Output exactly the lines below from the one containing "Top smanicato lavorato" to the last line, both included. Omit pictures.
(Data section Opens)
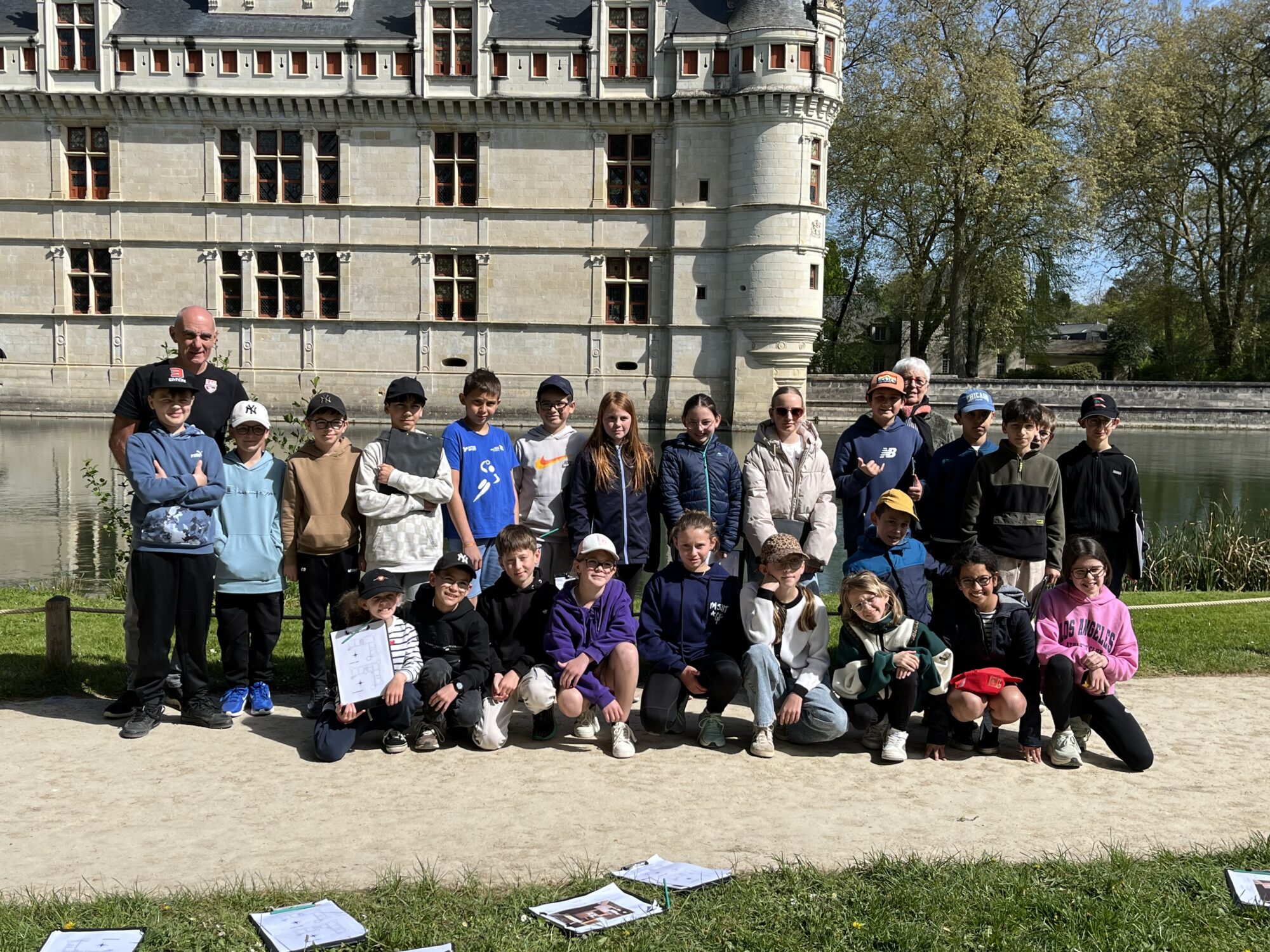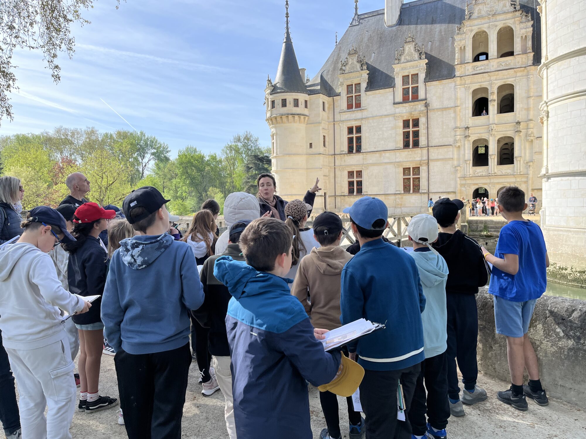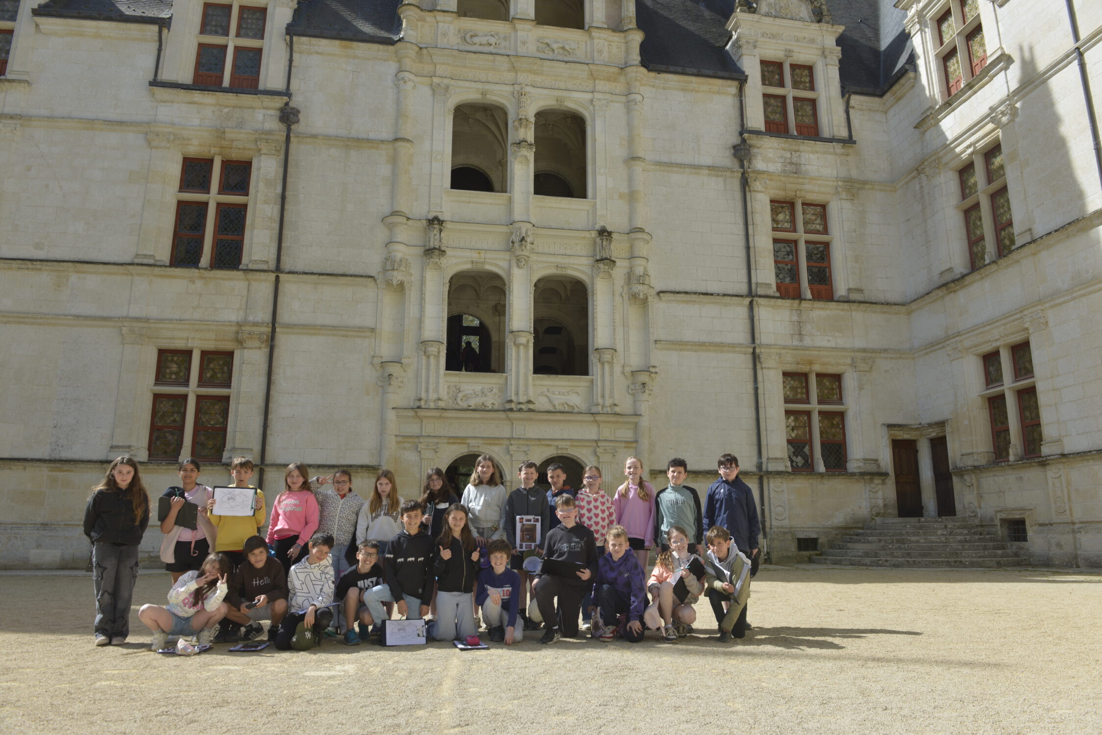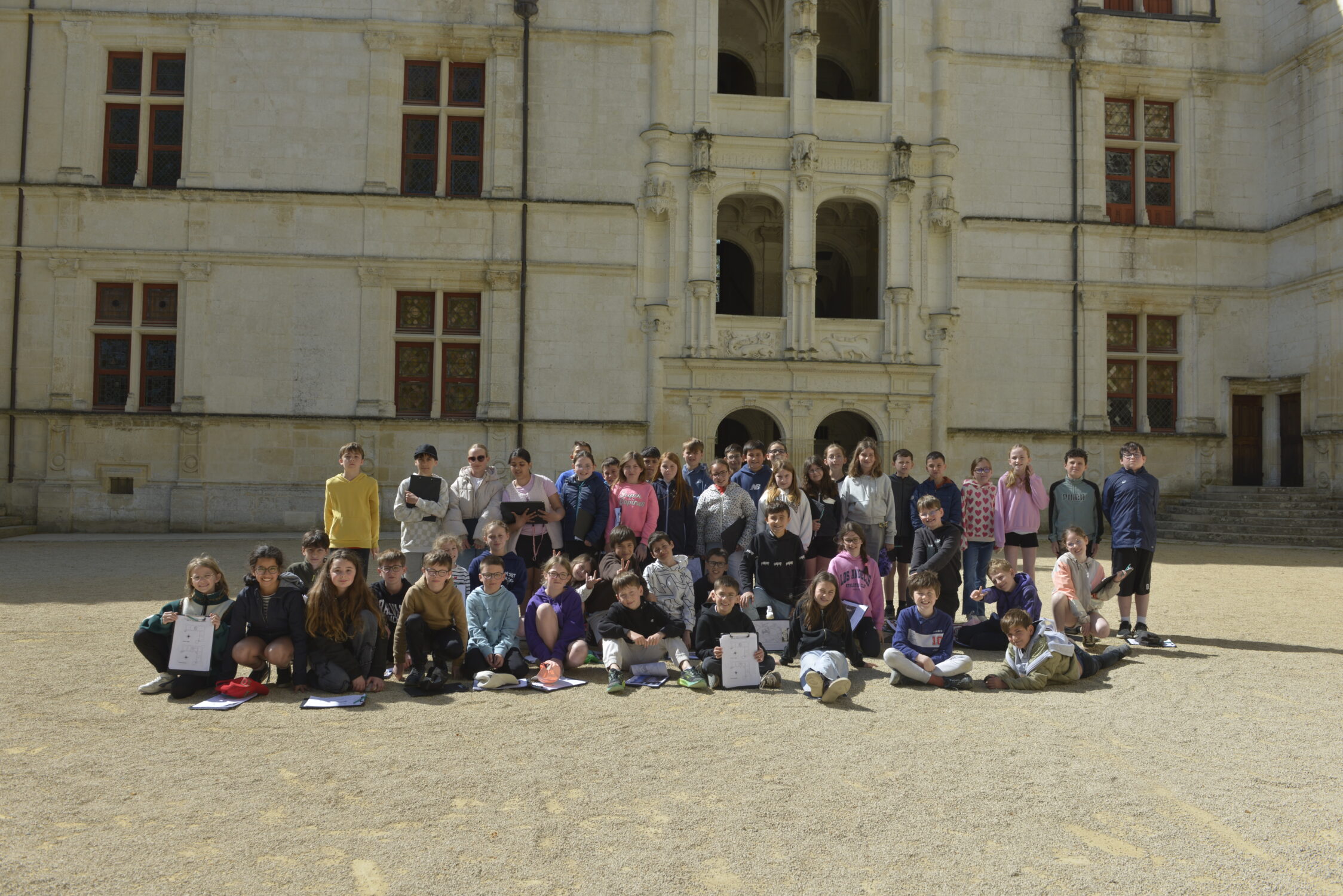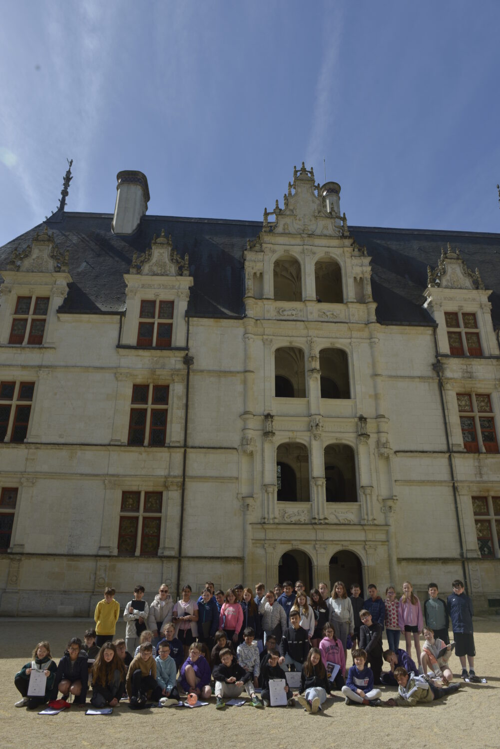 Nous voilà partis pour Azay le Rideau. Une visite du château était programmée. Ce monument est un joyau de la Renaissance française. Il semble flotter sur les eaux de l’Indre qui l’entourent. Construit au XVIe siècle sous le règne de François Ier, il présente une architecture raffinée alliant l’élégance italienne et la tradition française de l’époque. Nous avons pu suivre les explications de notre guide qui nous a transmis ses connaissances à travers la découverte du vocabulaire de l’architecture (tourelle, corniche, encorbellement, pilastre …). Le travail d’observation de la façade arrière nous a même permis de faire des liens avec les cours de géométrie sur la symétrie. Avec la visite de l’intérieur nous avons découvert une partie des appartements de l’ancien propriétaire, Gilles Berthelot, un riche financier et maire de Tours, au début du XVIe siècle. Aujourd’hui, il appartient à tous les Français et est géré par le Centre des monuments nationaux.
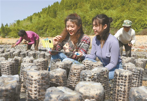 4月15日,大学生在田间直播试吃凉拌木耳。当天,爱体育网页版在线登录经济与管理学院营销专业的学生来到新田县枧头镇马场岭村木耳种植基地,网络直播当地黑木耳产品,并现场试吃,吸引粉丝下单。连日来,该校学生利用专业优势直播“带货”,助力当地黑木耳销售。 李谌涵 摄
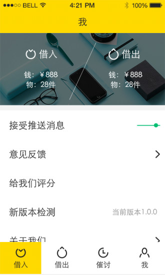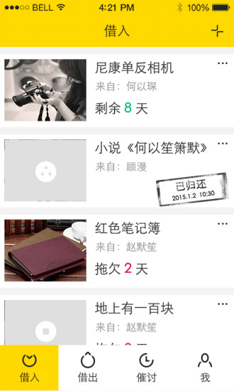 3.记录你借入和借出的钱和物,到期自动提醒,避免尴尬。
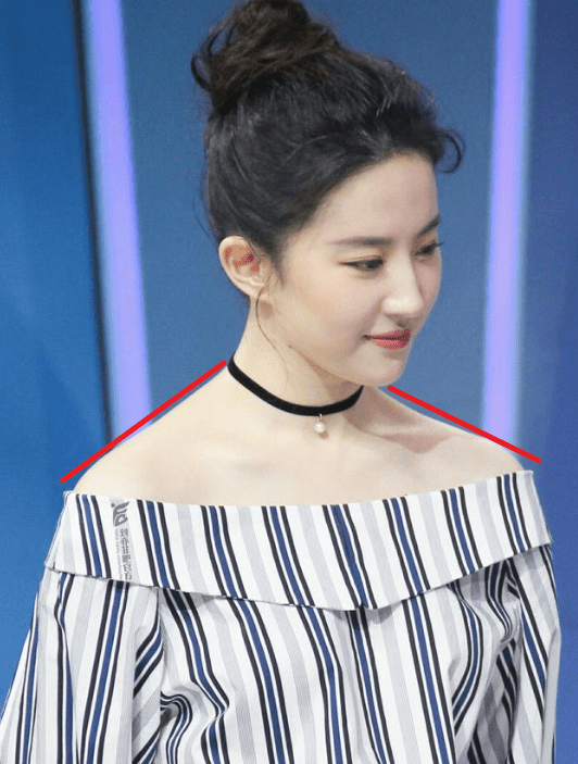 在满是直角肩的女艺人当中,她的溜肩就显得异常突出了。
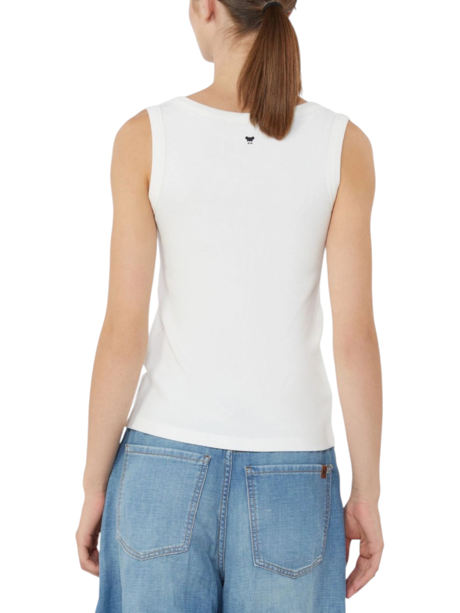 Top smanicato lavorato a costine, personalizzato da logo a farfalla sul retro del collo.
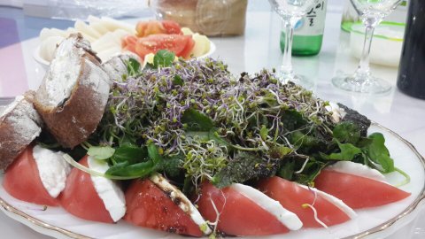 카프레제샐러드. 아 입에 침고여요.. 부드러운 치즈와 상큼한 토마토. 발사믹 드레싱까지..
(Data section Closes)
- **Answer to this task**:
 Top smanicato lavorato a costine, personalizzato da logo a farfalla sul retro del collo.
 카프레제샐러드. 아 입에 침고여요.. 부드러운 치즈와 상큼한 토마토. 발사믹 드레싱까지..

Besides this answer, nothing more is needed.